#### Raw data
—————
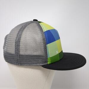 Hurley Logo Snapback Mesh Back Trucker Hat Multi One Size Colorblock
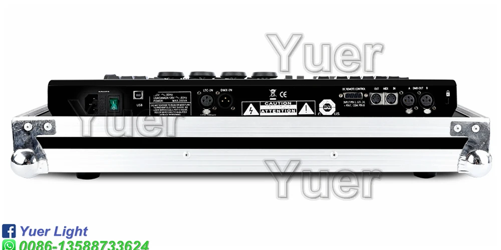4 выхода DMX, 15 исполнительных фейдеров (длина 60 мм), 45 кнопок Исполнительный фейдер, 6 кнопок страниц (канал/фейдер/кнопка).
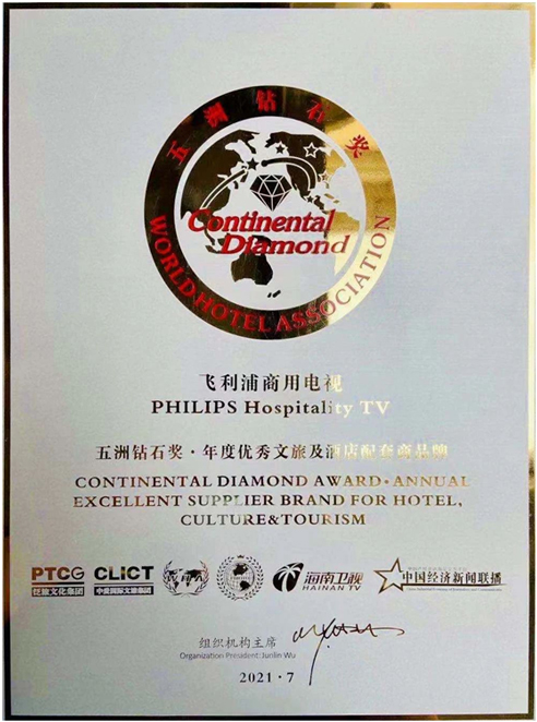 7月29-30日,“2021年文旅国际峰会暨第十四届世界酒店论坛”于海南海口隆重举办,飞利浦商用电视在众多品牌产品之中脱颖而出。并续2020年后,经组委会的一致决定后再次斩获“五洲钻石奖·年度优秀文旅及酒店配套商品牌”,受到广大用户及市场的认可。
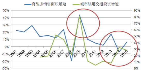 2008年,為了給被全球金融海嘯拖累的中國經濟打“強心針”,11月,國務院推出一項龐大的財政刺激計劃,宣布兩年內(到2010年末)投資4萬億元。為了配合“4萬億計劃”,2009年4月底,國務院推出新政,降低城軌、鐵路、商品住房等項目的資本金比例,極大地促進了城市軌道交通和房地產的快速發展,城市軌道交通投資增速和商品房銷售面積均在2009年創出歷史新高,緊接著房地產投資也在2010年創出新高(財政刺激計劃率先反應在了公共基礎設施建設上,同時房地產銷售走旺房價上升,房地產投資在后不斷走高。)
—————
#### Assigned task
Exact copy, pictures removed: set down the whole listing above.

#### Solution to this problem
 Hurley Logo Snapback Mesh Back Trucker Hat Multi One Size Colorblock
4 выхода DMX, 15 исполнительных фейдеров (длина 60 мм), 45 кнопок Исполнительный фейдер, 6 кнопок страниц (канал/фейдер/кнопка).
 7月29-30日,“2021年文旅国际峰会暨第十四届世界酒店论坛”于海南海口隆重举办,飞利浦商用电视在众多品牌产品之中脱颖而出。并续2020年后,经组委会的一致决定后再次斩获“五洲钻石奖·年度优秀文旅及酒店配套商品牌”,受到广大用户及市场的认可。
 2008年,為了給被全球金融海嘯拖累的中國經濟打“強心針”,11月,國務院推出一項龐大的財政刺激計劃,宣布兩年內(到2010年末)投資4萬億元。為了配合“4萬億計劃”,2009年4月底,國務院推出新政,降低城軌、鐵路、商品住房等項目的資本金比例,極大地促進了城市軌道交通和房地產的快速發展,城市軌道交通投資增速和商品房銷售面積均在2009年創出歷史新高,緊接著房地產投資也在2010年創出新高(財政刺激計劃率先反應在了公共基礎設施建設上,同時房地產銷售走旺房價上升,房地產投資在后不斷走高。)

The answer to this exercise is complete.